Miles Run So Far: 332.2

Days Left: 17 (?!?!!)

I checked out on you yesterday…but for a good reason:

No, Sam and I didn’t get married last night.  But we did get married three years ago as of yesterday!  While we’re actually going to celebrate our anniversary this weekend, we wanted to spend a little quality time together and bopped out to a movie.  My life is one big date night with that guy 😉 and it all started on 9-29-07. ❤

If you’re looking up at the top thinking, “why did she run an extra mile this morning if training called for just 4 miles?”, here’s your explanation:

No, no.  I didn’t run an extra mile to burn off extra calories (please, you know that’s not how I roll!)

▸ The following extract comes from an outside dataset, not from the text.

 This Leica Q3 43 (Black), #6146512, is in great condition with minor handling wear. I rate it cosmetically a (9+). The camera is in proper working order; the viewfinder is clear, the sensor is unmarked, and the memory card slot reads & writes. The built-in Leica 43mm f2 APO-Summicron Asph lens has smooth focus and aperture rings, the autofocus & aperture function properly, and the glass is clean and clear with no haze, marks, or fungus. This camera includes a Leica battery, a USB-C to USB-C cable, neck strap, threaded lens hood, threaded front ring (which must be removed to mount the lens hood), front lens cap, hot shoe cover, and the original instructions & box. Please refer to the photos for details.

This delicious, pre-made lasagna was waiting for me at home Tuesday night and I just couldn’t bring myself to lace up my sneakers and run when all I wanted to do was heat a square of that bad boy up and chow down.  I know you understand.  Comfort food has a hold on all of us, no?  More like a vice grip in my case.  At least I made this one with whole wheat noodles, reduced the cheese and used ground turkey to “healthify” it. 😉

In addition to my Italian-related irreverence to the training schedule, I also reasoned that if I were to run 5 miles Tuesday night and then turn around and run 8 miles Wednesday morning, that was just asking too much of my body.  Could I do it?  Yes.  Would it be a quality run?  Prob not.

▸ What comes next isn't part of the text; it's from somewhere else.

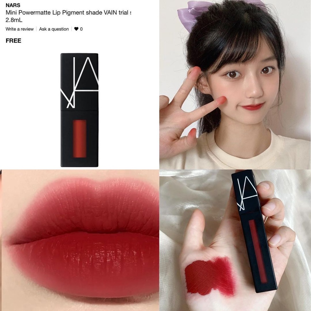 Son NARS Power Matte Lip Pigment sơ hữu Chất son kem lỳ nhưng cực kỳ mỏng nhẹ, son lỏng và ướt như son tint luôn ấy nên rất dễ tán và điều chỉnh lượng son trên môi cho phù hợp. Son không hề gây khô hay bong tróc môi cũng bởi chất son mỏng độc đáo. Thậm chí còn tạo hiệu ứng môi căng hơn chứ ko hề đọng vào nếp nhăn hay bị bột. Son lên màu đậm, chuẩn, sắc nét. Màu chuẩn so với swatch. Son rất mượt và tiệp môi, không bị dây ra cốc chén nếu ăn uống khéo. Shop có sẵn fullsize và minisize các màu các bạn xem phân loại hàng khi đặt nhé.
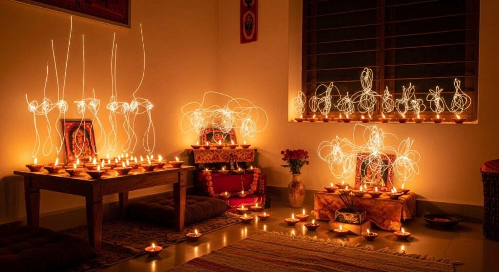 “Peaceful Indian home interior with diya lamp glowing, incense smoke, spiritual calm atmosphere, warm golden lighting, symbolizing positive energy and protection”

I’ve done that kind of back-to-back running in the past.  It’s problematic because:

😦 Your body is still recovering from the first run when you force it into the second.

😦 I find I can’t eat enough calories to replenish from the first run and then turn around and fuel for the second.  I may like to eat, but I’m not a fan of forcing food down my throat.  Unless it’s lasagna.

😦 Odd, but true: the peeps at the running store told me it can take your running shoes 24 hours to “re-inflate” to their full stability and support after a run because you’ve been compressing them with your body weight over the course of your run.  So let’s see, a 5 mile run at 7 o’clock at night and then an 8 mile run at 6:30 AM means I’m bouncing my feet off squished shoes.  Thanks, but no thanks.  We have three weeks left, I’m taking every step to protect my leggies — no pun intended.

This all means I ran 8 miles yesterday morning (nothing says “Happy Anniversary, old lady” like a hearty long mid-week run!) then 5 this morning to make up for Tuesday.  I’ll do 4 on Friday and keep on truckin’ with the regularly scheduled 12 on Saturday.

Sunday, I will rest.  Ah, rest.

Sometimes I think it’s silly to go into such an in-depth explanation of why I’m switching it up and how I’m keeping track — but I think it’s important to show you that you can follow a training schedule without going bonkers. Hal Higdon, the great Don of Running, says himself it’s okay to switch around.  Just don’t miss your long runs and try and keep your mileage up.

The point is to get to the starting line and then get to the finish line without injury or insanity.  I’m just tryin’ to make that happen, peeps.  One run at at time.

Finish this sentence:

The comfort food that warms my heart and has a vice grip on my decision-making skills is….?

Have a fantastic day.  When I come back, I’ll tell you all about an infestation that’s gripping our house.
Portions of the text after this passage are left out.